No they are optimized for the installed base, UT 2003s engine is a good example.

 

Which would be because they were popular, no?

 

Popular meaning cheap..yep

DX7 class engines is still the main target for most developers

 

SA,

As far as shaders, aren't high level shader languages in and of themselves rather similar to the benchmark model you propose? I realize that it varies from your intent, but bear with me as I draw some parallels please:

DX 9 deviates, because for GPUs, the "assembly" is the GPU "microcode". The question for DX 9 HLSL and LLSL is whether IHVs can optimize for their closest profile output from the HLSL expressed in the LLSL to their GPU "assembly". If you consider the LLSL the lowest level, I think you're removing optimization opportunities of the subtlety level you're indicating.

It's not clear to me what general-case and intra-hardware optimizations can be exposed by one benchmark. Currently, the prominent hardware performance issues don't seem to fit your example AFAICS: the prominent hardware issues depend on running a different benchmark (i.e., not floating point) and/or limitation of utilization of factors that are already known and can be expressed in the LLSL (register usage, texture ops) by the HLSL.


However, things could possibly be otherwise.

If/when that happens, either: the HLSL and LLSL would have to adapt, the IHV LLSL optimization ability would have to adapt, or we have to discuss a different model.

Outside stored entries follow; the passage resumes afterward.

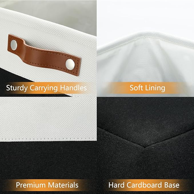 DULLEMELO Fabric Storage Baskets 3 Pack - 17x12x15 inch Large Foldable Fabric Organizer for Storage Decorative Storage Bins for Home,Closet(White&Black)
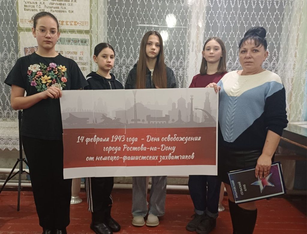 В Вишневском сельском клубе прошла тематическая программа «Память нашу не стереть годами», посвященная событиям февраля 1943 года. Культорганизатор Александра Козинкова рассказала собравшимся о тяжелых боях за Ростов-на-Дону, героизме советских солдат и огромных жертвах среди мирного населения. В ходе мероприятия были освещены ключевые эпизоды обороны города, а также сложный период его послевоенного восстановления. Освобождение Ростова-на-Дону 14 февраля 1943 года стало важным этапом в борьбе за контроль над южными подступами к стране. ЧИТАЙТЕ ТАКЖЕ: Школьники Морозовского района узнали секреты изготовления валенок
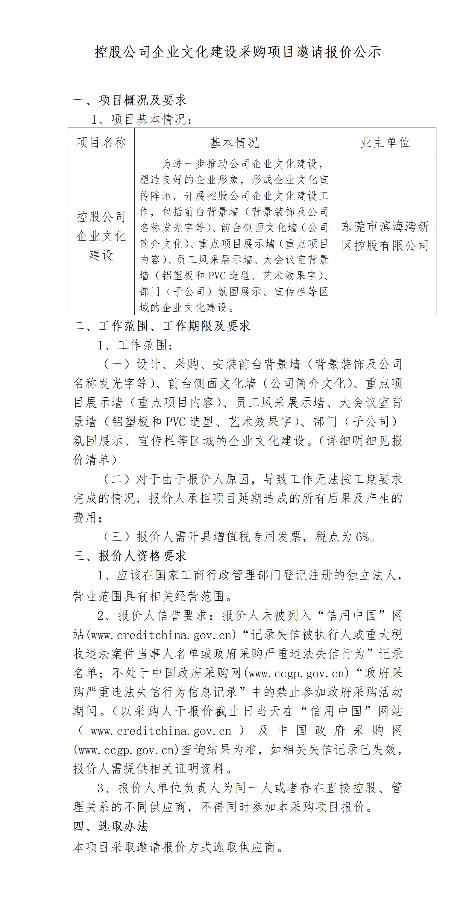 控股公司企業(yè)文化建設(shè)采購項目邀請報價公示

The closest existing functional parallel to your model is Cg for nVidia hardware in OpenGL using the nVidia extension. What is different is that the party maintaining the "benchmark" is also a competitor in the benchmark, and usage of it would depend on that changing, and also would depend on OpenGL continuing its extension model to continue exposing the optimizations.
This seems to me to say that, for shaders, subtle distinctions like what you propose either don't exist (if LLSL is your "assembly"...since benchmarks already use assembly), or aren't likely to be universally applicable (if GPU microcode is your "assembly"). The optimizations achieved would be extension and GPU specific.

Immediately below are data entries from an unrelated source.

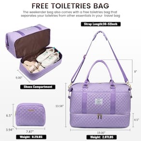 Bolsas de viagem femininas - ?Bolsa de viagem com compartimento para sapatos + bolsa de banheiro separada ?Esta bolsa de viagem para mulheres vem com uma bolsa de higiene pessoal de US $15 para guardar seus cosméticos/produtos de higiene pessoal. Compartimento inferior plano separado desta bolsa feminina pode guardar seus sapatos ou roupas sujas para facilitar a separação de roupas limpas ao viajar. Se você é uma mãe novata, a parte inferior também é perfeita para armazenar fraldas/lenços/itens de bolsa de fraldas. Também pode ser usada como bolsa hospitalar, bolsa para mamãe e bolsa médica. - ?Bolsas de transporte para aviões?Tamanhos: 48 x 23 x 34 cm, 1 kg, LOVEVOOK bolsa de fim de semana para mulheres atende à maioria dos requisitos internacionais de bagagem de mão. Cabe no compartimento superior e embaixo do assento como itens pessoais em voo. A manga de carrinho integrada desliza sobre a alça de bagagem, facilitando as viagens no aeroporto. Um bolso com zíper na parte traseira para guardar seu smartphone, identidade ou passaporte. Sua bolsa de embarque ideal para o fim de semana para viagens de negócios ou pessoais. - ?Bolsa estilosa de fim de semana e bolsas de noite para mulheres?Esta bolsa grande pode servir em 3 a 5 dias de itens essenciais diários. Vários bolsos para manter seus itens pessoais organizados: um compartimento principal espaçoso com 5 bolsos grandes para itens pessoais e na frente da bolsa esportiva para viagens, há um bolso para facilitar o acesso a eletrônicos ou materiais de viagem. Com aparência elegante e linda. Nossa bolsa esportiva acolchoada alcança a maior demanda feminina urbana e fantasia em bolsa de viagem. - ?Bolsa de ginástica separada e úmida? Um bolso forrado de PVC à prova d'água com zíper pode ajudar você a separar itens secos e molhados. Se você tiver roupas ou toalha molhadas, pode colocá-la nesta bolsa de ginástica para mulheres. Nossa bolsa de ginástica feminina é uma companhia perfeita e confiável para esportes internos e externos. É perfeita para treino, ioga, tênis, basquete, natação, acampamento e muitas atividades ao ar livre. - ?Bolsa esportiva multiuso e serviço perfeito?Use-a como bolsa esportiva para viagens, bolsa de fim de semana para mulheres, bolsa de viagem para itens pessoais, bolsa de mamãe para hospital, bolsa de ginástica para mulheres, bolsa de mão ou bolsa de laptop. Ótimo presente de aniversário/Ação de Graças/Natal para seus amigos e familiares.
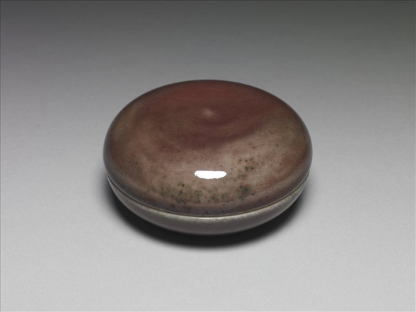 扁圓形盒,子母口,底坐於圈足上。器裡透明釉,器壁滿施銅紅釉,釉色暗而不勻,釉色淺處見有綠色斑。圈足內白地青花書「大清康熙年製」三行六字楷款。
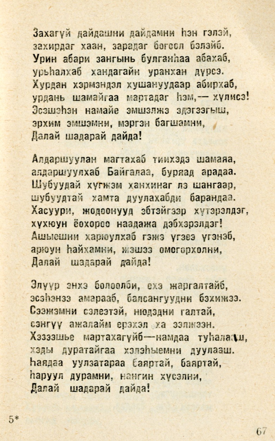 Бадмаев, Ц. Б. Байгалай эрьедэ / Ц. Б. Бадмаев // Бадмаев, Ц. Б. Тоонто. – Улаан-Үдэ, 1966. – Н. 19-20.

Assuming you don't necessarily mean LLSL expression as your assembly, the best form of the benchmark you describe, to me, looks like GLslang, which goes from high level -> GPU microcode under IHV control.
The big deviation is that IHVs won't share, and have no reason to share, their optimizations, though it would indeed be informative if they all could agree to your stipulation and learn from each other. But, I think not sharing is unavoidable when trying to fit your parallel for GPUs and shaders, because the type of subtle distinction you describe depends on unique features in hardware. If you stuck to the LLSL usage, IHVs would still have reason to have hidden optimizations in translating the LLSL, and I'm not sure what new universally applicable optimizations would be exposed by your model.

...

Barring a failure to understand something you meant to convey (there should be plenty of opportunities to clarify where I'm going wrong above if that is the case), it seems to me that your example is more applicable to other things, like shadowing techniques, etc., but in that case, a new benchmark would have to be written for each new focus of exposure.

Also, it seems to me that we sort of have that already with conferences, papers on techniques, and source code for demos, etc., with input from general developers and IHVs alike. Your model would be a formalization of this, along with a standard method of comparison, and an avenue of constant growth and adaptation, but not as general as I understood you to mean.

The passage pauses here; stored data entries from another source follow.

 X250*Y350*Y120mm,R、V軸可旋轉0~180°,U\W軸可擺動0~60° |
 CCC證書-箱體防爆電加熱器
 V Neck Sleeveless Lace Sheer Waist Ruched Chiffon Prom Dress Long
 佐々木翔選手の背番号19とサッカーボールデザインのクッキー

Am I missing something, or misunderstanding?

 

Sorry Doomtrooper, I couldn't help but pull this one back up

Tim Sweeney:

We optimize our games to run on popular hardware because it pleases our customers. We partner with NVidia on their "The Way It's Meant To Be Played" marketing program because it helps achieve our mutual business and marketing goals.

Just trying to give you a hard time.

 

Define popular, most sold or most gabbed about?

 

Is it hard to reverse compile a driver and look for shader subsititution code triggered by a popular benchmark name or a specific commonly used demo name in the symbol table to detect driver optimisations?